──────── Information given ────────
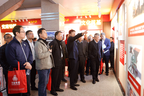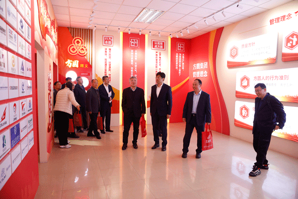 與會代表首先來到科技文化中心,通過沙盤介紹,了解方圓集團概況概貌、產(chǎn)業(yè)布局。步入發(fā)展歷程展廳,通過“艱苦創(chuàng)業(yè)”“奮起騰躍”“創(chuàng)新開拓”“鑄就輝煌”“穩(wěn)健前行”五個篇章,回顧方圓集團從小到大、由弱到強的閃光歷程。
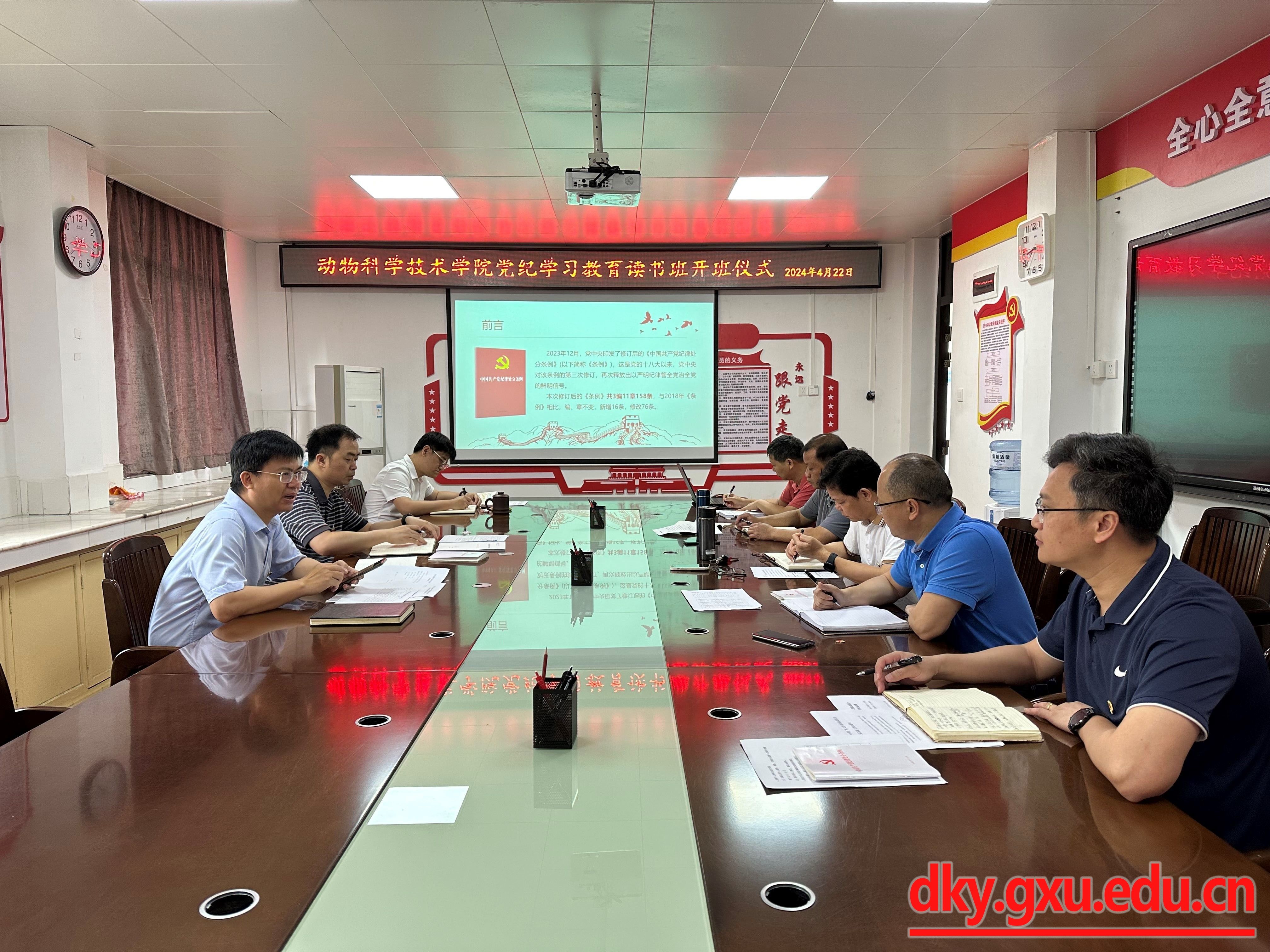 根据中央、自治区、广西大学党委关于党纪学习教育的部署要求,4月22日上午,乐鱼(中国)召开党纪学习教育读书班开班仪式。乐鱼(中国)党委书记韦小强主持开班仪式,并进行新修订的《中国共产党纪律处分条例》(以下简称《条例》)专题辅导报告。
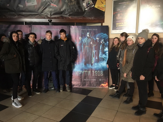 21 лютого 2019 року гімназисти 10-А класу разом з учителем історії Червінською Н.М. відвідали «прем’єрний» показ кінофільму «Крути 1918», присвячений 100-річчю героїчного подвигу української молоді.
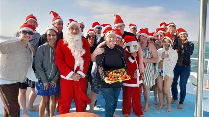 فاجأ بابا نويل، السائحين الأجانب على شواطئ مرسى علم، قادما علي “كارتة” ووزع الهدايا على السائحين والأطفال من مختلف الجنسيات، تزامنا مع احتفالات الكريسماس.
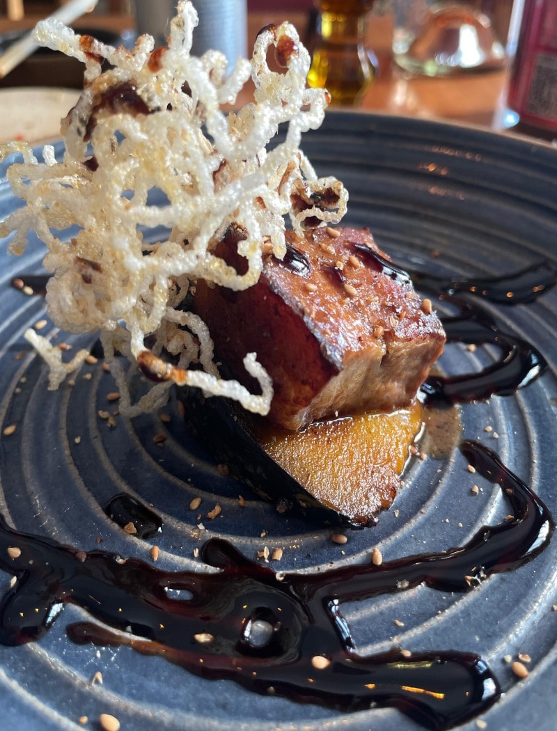 Barriga Suína com Missô, Abóbora Japonesa Gratinada e Crocante de Arroz Temperado. (Foto: Déborah Gama)
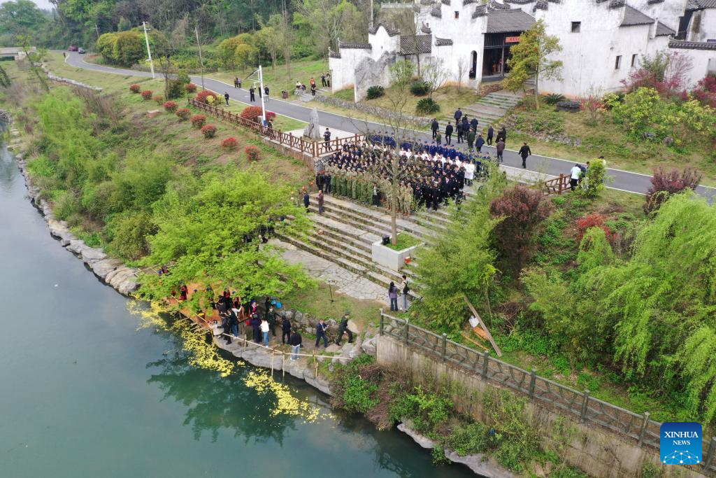 An aerial drone photo taken on April 2, 2026 shows people attending a memorial ceremony for Red Army martyrs at a memorial park in Quanzhou County, south China's Guangxi Zhuang Autonomous Region. A ceremony was held in Quanzhou on Thursday, ahead of the Qingming Festival, or Tomb-Sweeping Day, to pay tribute to the martyrs of the Red Army. (Xinhua/Lu Boan)
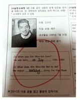 배우 김우빈이 중학교영어시험 문제에 등장했다. 최근 온라인 커뮤니티 게시판에는 [중학교 시험문제]라는 제목으로 김우빈의 사진이 담긴 영어시험 문제지가 올라왔다. 공개된 사진에는 한 학교 영어 시험지로 김우빈의 간단한 프로필이 담겨 있다. 김우빈의 한글 프로필을 보고 생
────────
# Instructions for the task
No picture belongs in the answer, but every word of the records above does, exactly as given.

# Reply
 與會代表首先來到科技文化中心,通過沙盤介紹,了解方圓集團概況概貌、產(chǎn)業(yè)布局。步入發(fā)展歷程展廳,通過“艱苦創(chuàng)業(yè)”“奮起騰躍”“創(chuàng)新開拓”“鑄就輝煌”“穩(wěn)健前行”五個篇章,回顧方圓集團從小到大、由弱到強的閃光歷程。
 根据中央、自治区、广西大学党委关于党纪学习教育的部署要求,4月22日上午,乐鱼(中国)召开党纪学习教育读书班开班仪式。乐鱼(中国)党委书记韦小强主持开班仪式,并进行新修订的《中国共产党纪律处分条例》(以下简称《条例》)专题辅导报告。
 21 лютого 2019 року гімназисти 10-А класу разом з учителем історії Червінською Н.М. відвідали «прем’єрний» показ кінофільму «Крути 1918», присвячений 100-річчю героїчного подвигу української молоді.
 فاجأ بابا نويل، السائحين الأجانب على شواطئ مرسى علم، قادما علي “كارتة” ووزع الهدايا على السائحين والأطفال من مختلف الجنسيات، تزامنا مع احتفالات الكريسماس.
 Barriga Suína com Missô, Abóbora Japonesa Gratinada e Crocante de Arroz Temperado. (Foto: Déborah Gama)
 An aerial drone photo taken on April 2, 2026 shows people attending a memorial ceremony for Red Army martyrs at a memorial park in Quanzhou County, south China's Guangxi Zhuang Autonomous Region. A ceremony was held in Quanzhou on Thursday, ahead of the Qingming Festival, or Tomb-Sweeping Day, to pay tribute to the martyrs of the Red Army. (Xinhua/Lu Boan)
 배우 김우빈이 중학교영어시험 문제에 등장했다. 최근 온라인 커뮤니티 게시판에는 [중학교 시험문제]라는 제목으로 김우빈의 사진이 담긴 영어시험 문제지가 올라왔다. 공개된 사진에는 한 학교 영어 시험지로 김우빈의 간단한 프로필이 담겨 있다. 김우빈의 한글 프로필을 보고 생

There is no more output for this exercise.